When a temporary file is created, the prefix and the suffix may first be adjusted to fit the limitations of the underlying platform. If the prefix is too long then it will be truncated, but its first three characters will always be preserved. If the suffix is too long then it too will be truncated, but if it begins with a period (.) then the period and the first three characters following it will always be preserved. Once these adjustments have been made the name of the new file will be generated by concatenating the prefix, five or more internally generated characters, and the suffix. Temporary files are not automatically deleted on exit, although you will often invoke deleteOnExit on File objects returned by createTempFile.
Finally, the character File.pathSeparatorChar and its companion string File.pathSeparator represent the character that separates file or directory names in a search path. For example, UNIX separates components in the program search path with a colon, as in ".:/bin:/usr/bin", so pathSeparatorChar is a colon on UNIX systems.
Exercise 20.9 : Write a method that, given one or more pathnames, will print all the information available about the file it represents (if any).
Exercise 20.10 : Write a program that uses a StreamTokenizer object to break an input file into words and counts the number of times each word occurs in the file, printing the result. Use a HashMap to keep track of the words and counts.
20.7.4 FilenameFilter and FileFilter
The FilenameFilter interface provides objects that filter unwanted files from a list. It supports a single method:
-
boolean
accept(File dir, String name)
- Returns true if the file named name in the directory dir should be part of the filtered output.

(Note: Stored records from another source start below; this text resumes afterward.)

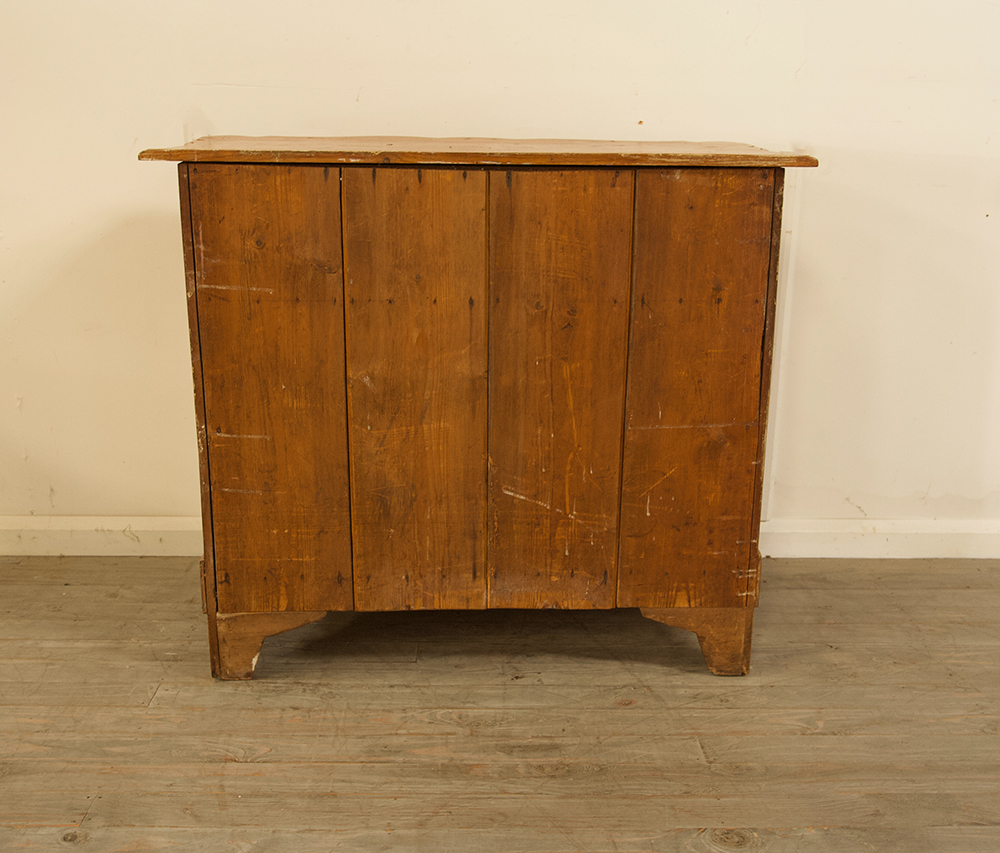 A beautiful Dutch 19th century commode in the Regency style. This charming commode exhibits the graceful serpentine lines of the Regency period - a 19th century commode oozing an 18th century aesthetic. Original hardware and pretty gustavian blue drawer interiors - the commode is crafted from a mixture of pine and beech which indicates that it was once entirely painted. The wood is now warmly patinated by time - a characterful and stylish commode which would add some decorative gravitas to any room.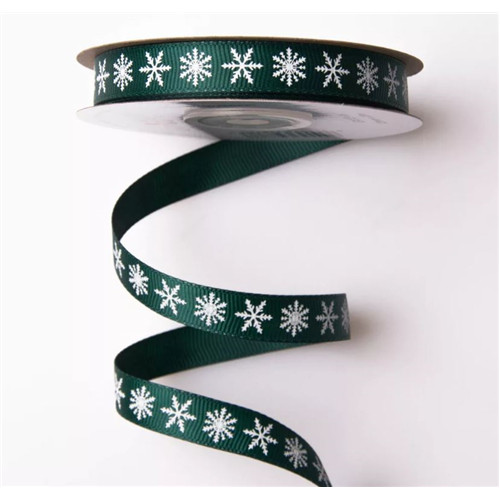 Ripsz szalag 12mm x 20m "Hópelyhes" - Sötétzöld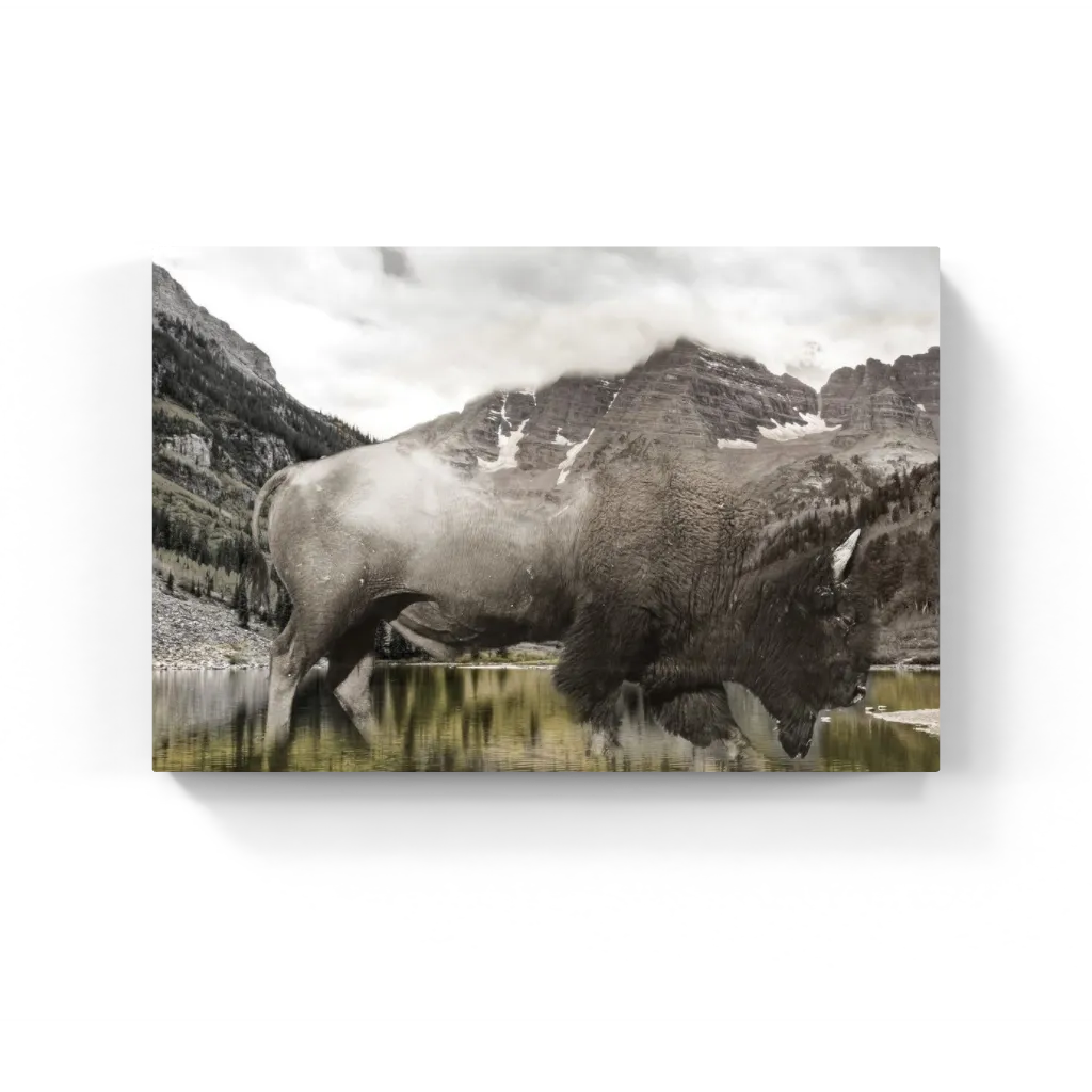 This surreal bison and mountain landscape artwork merges wildlife and scenery into a single dreamlike vision. A majestic bison flows seamlessly into mist covered peaks and serene reflective waters. It creates an image that captures the raw beauty and mystery of nature. Perfect for contemporary interiors seeking a striking, nature inspired statement.

Here is an example that uses a FilenameFilter object to list only directories:
import java.io.*; class DirFilter implements FilenameFilter { public boolean accept(File dir, String name) { return new File(dir, name).isDirectory(); } public static void main(String[] args) { File dir = new File(args[0]); String[] files = dir.list(new DirFilter()); System.out.println(files.length + " dir(s):"); for (String file : files) System.out.println("\t" + file); } }
First we create a File object to represent a directory specified on the command line. Then we create a DirFilter object and pass it to list. For each name in the directory, list invokes the accept method on the filtering object and includes the name in the list if the filtering object returns true. For our accept method, true means that the named file is a directory.
The FileFilter interface is analogous to FilenameFilter, but works with a single File object:
-
boolean
accept(File pathname)
- Returns true if the file represented by pathname should be part of the filtered output.
Exercise 20.11 : Using FilenameFilter or FileFilter, write a program that takes a directory and a suffix as parameters and prints all files it can find that have that suffix.